Want to know how to test a newfangled turntable already acknowledged as having established technology that can’t really be reinvented? Plug it in and wind it up, literally.
Starting a Palmer turntable requires you to interact with it, much like winding a mechanical watch. ‘It soon becomes second nature to spin the platter with just the right amount of force so that it is running to speed instantly,’ says British designer Jon Palmer.
Like a fine watch movement, the rather ‘unfashionable’ AC synchronous motors find the delicate balance between drag and inertia. Trusted for their proven ability as ‘very good timekeepers’ (the motors are used to power clocks and medical equipment accurately), they rely solely upon the frequency with which they are provided and cannot deviate from it.
The Absolute Sound’s reviewer Paul Seydor found that the new Palmer 2.5 ‘executed to the nines in each of its aspects’. ‘Tracking was outstanding, surface noise and all the other detritus of vinyl well suppressed.

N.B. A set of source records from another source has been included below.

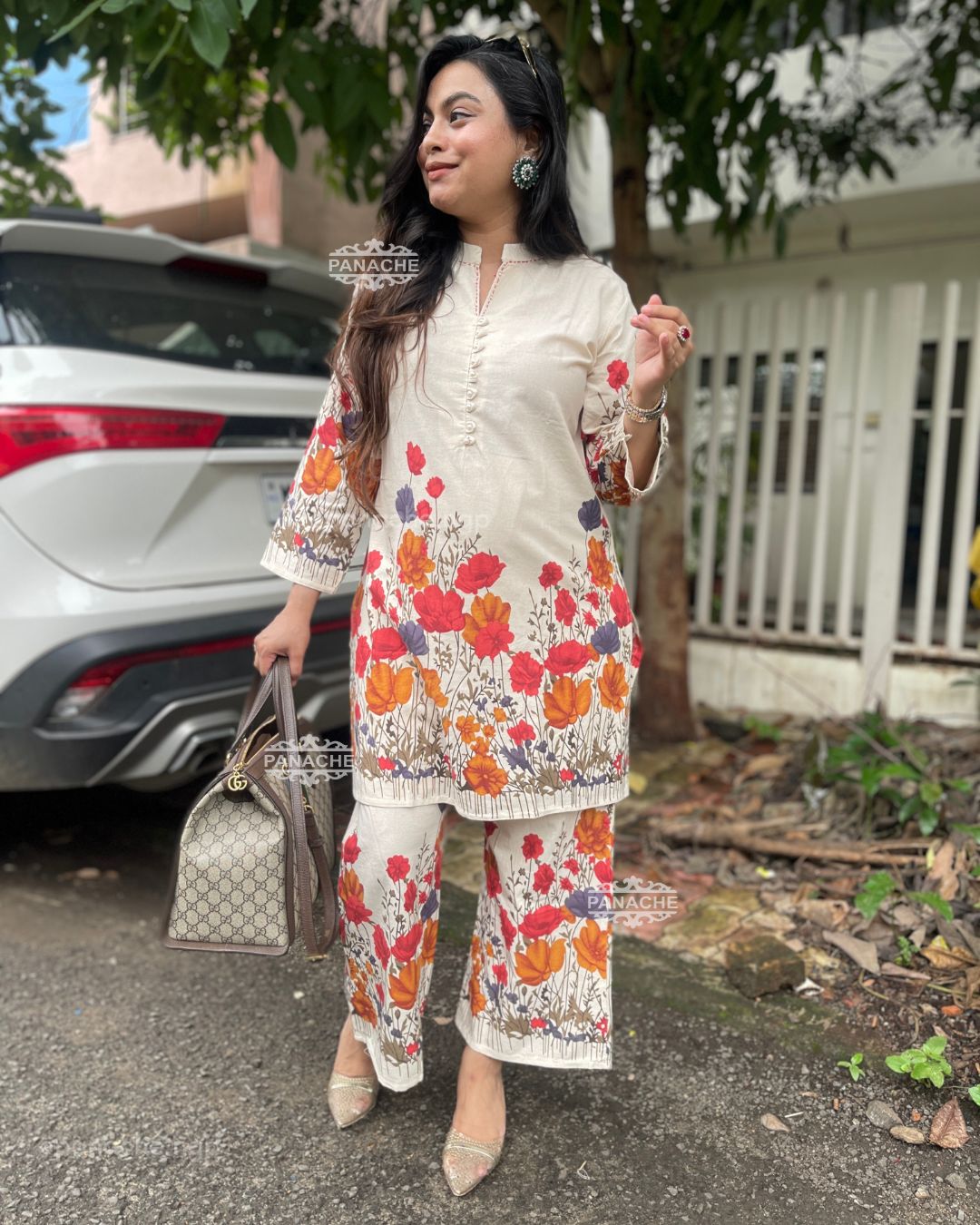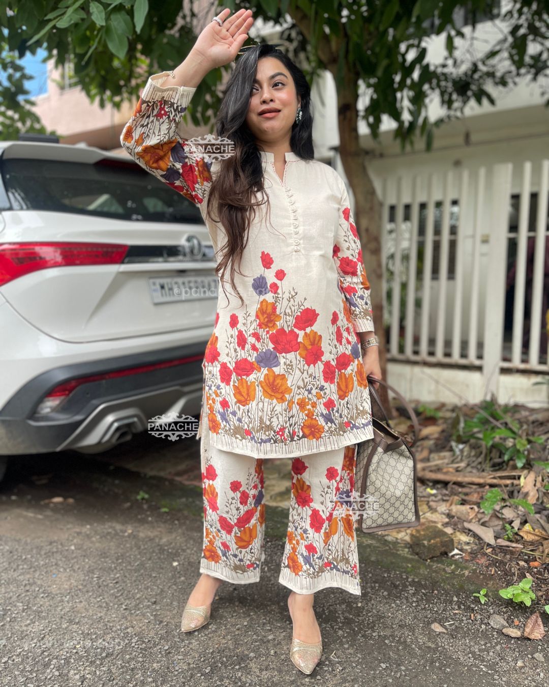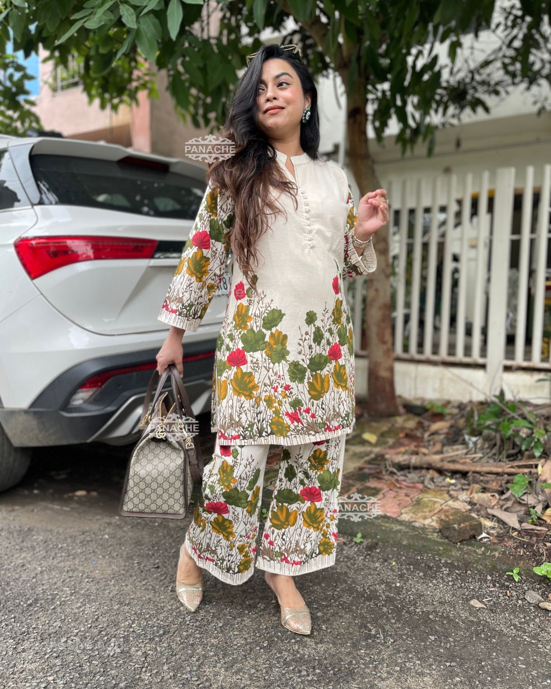🟣 Stand collar with pearl buttons on top with a tropical print in top and plaso set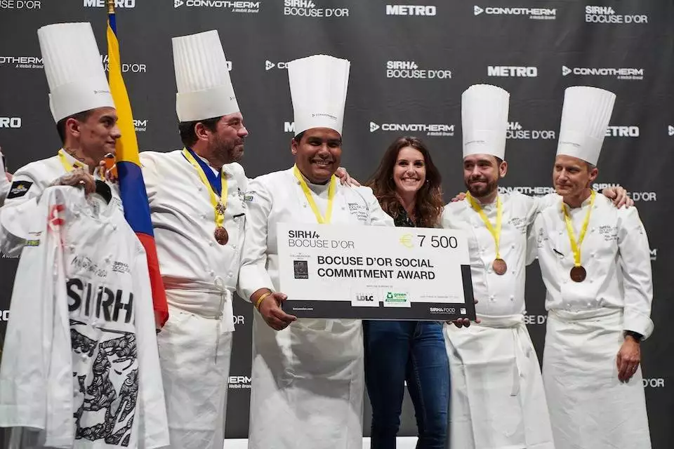 With 2021 a year like no other, Bocuse d’Or launched a new award in partnership with GL events, the Social Commitment Award. It recognizes a Bocuse d’Or team for its societal involvement in areas related to food. This year seven countries applied to receive the Social Commitment Award. The winner was Team Colombia for their project COCA, NO COCAINA.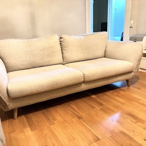 Säljer våran fina beiga soffa Maxime 4-sits från soffadirekt. Köptes för ett år sedan.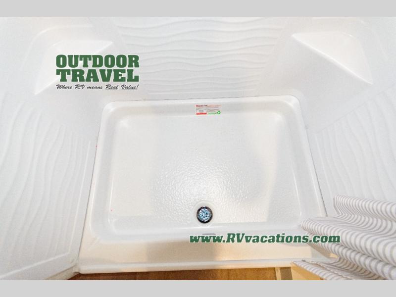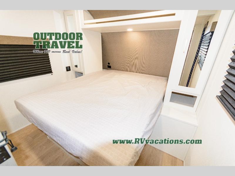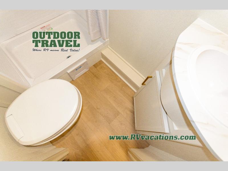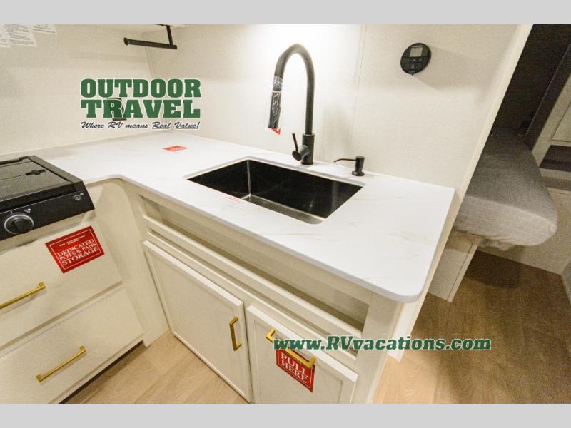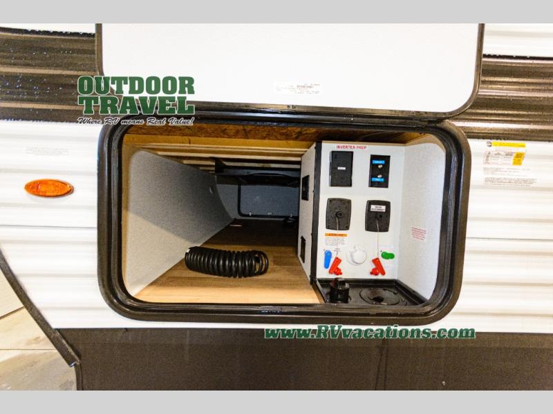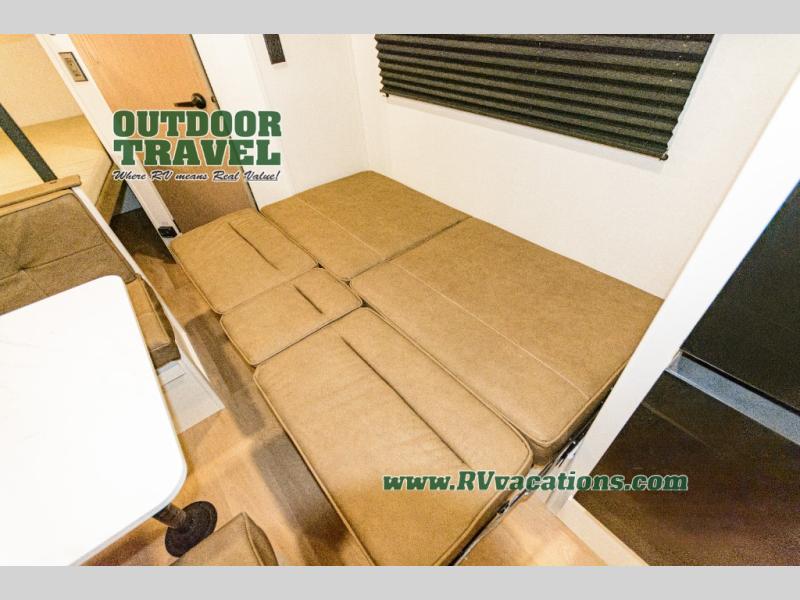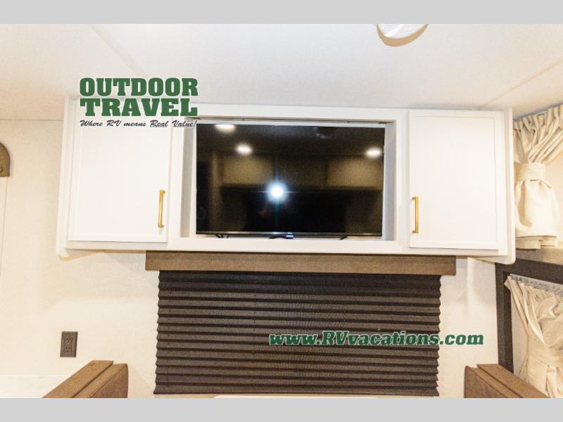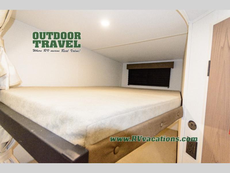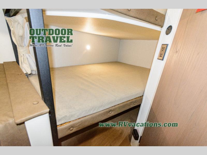 This is the perfect travel trailer if you like to camp with friends and family. Since there are double-size bunks, a queen bed in the front bedroom, plus a booth dinette and sofa, you can sleep eight campers each night! The three burner range and microwave in the kitchen will let you cook meals each day, and the 12V refrigerator will keep your cold items fresh. This model also includes a counter with extra storage underneath, a pull-out trash can storage for convenience, and a full bath to freshen up in each day. And you'll love having your own space in the front bedroom with a privacy curtain, dual wardrobes, and TV prep if you want to add a television!
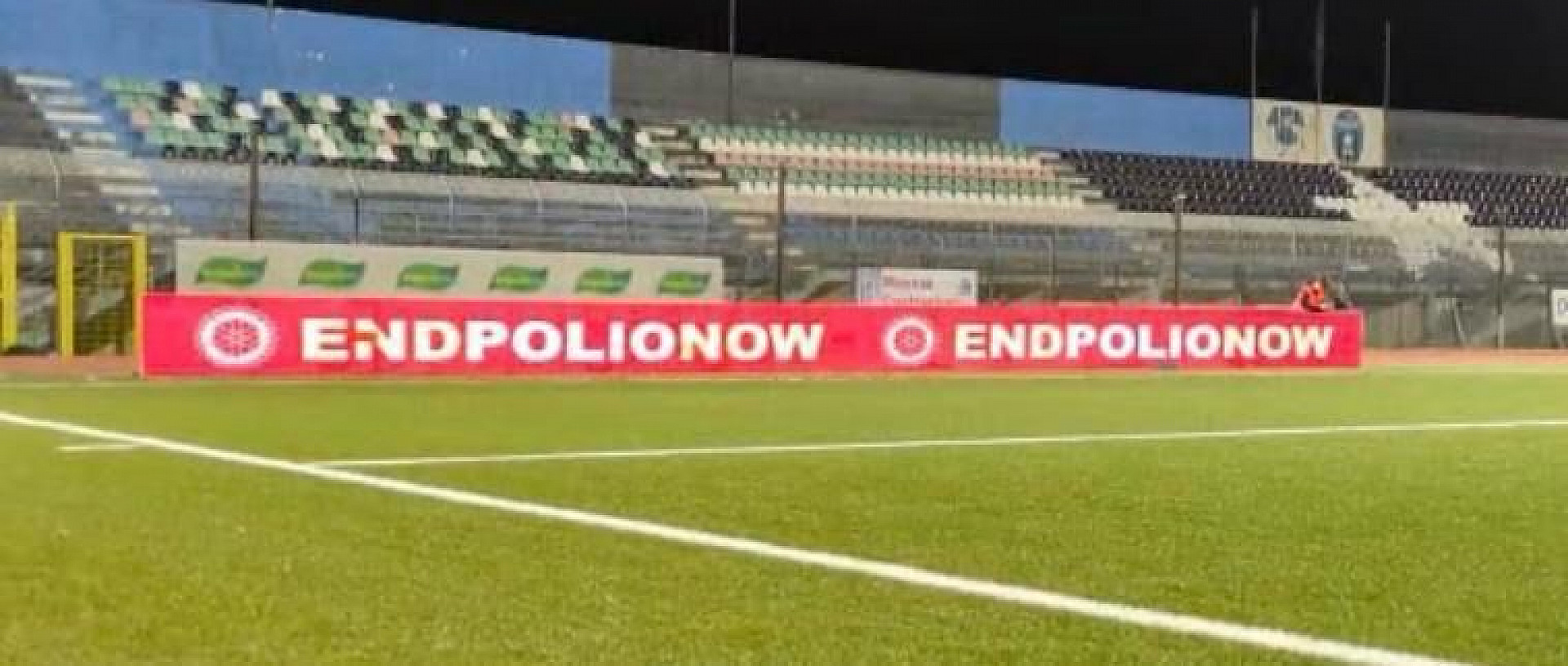 Un ringraziamento alla ADS Unione Calcio Bisceglie, per aver portato in campo i valori rotariani e ancora all’Amministrazione Comunale di Bisceglie, per aver permesso l’esposizione dello stendardo e della bandiera End Polio Now, accanto al logo Rotary, sui simboli della città — Piazza Margherita e Palazzo San Domenico.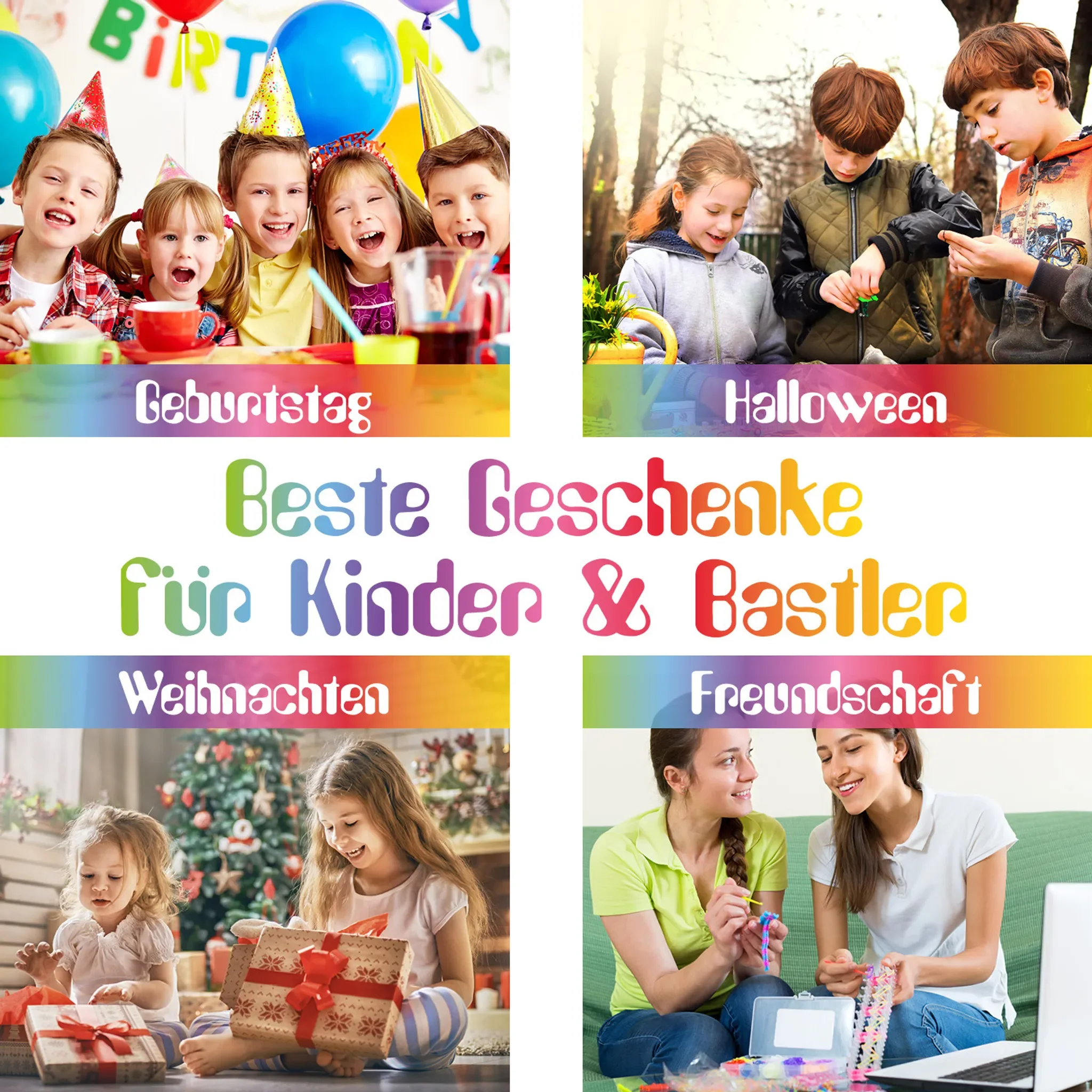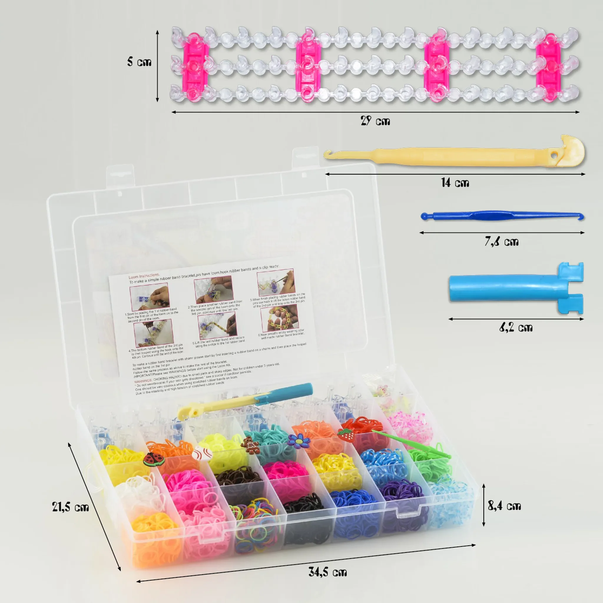 | Im Paket | 4.200 Loom-Bands, Webrahmen, Häkelnadeln, S-Clips, Sortierbox, Anleitung |

Whatever Palmer was up to here, in the 2.5 he translated it into listening experiences of beauty, precision, clarity and power.’ His Carmen (Bernstein/Deutsche Grammophon) played as ‘big, bold, and blazingly colourful as it should be’, while Duke Ellington’s Piano in the Foreground had a ‘startlingly reach-out-and-touch-it presence’.
The Palmer 2.5 is manufactured two at a time on an order-only basis.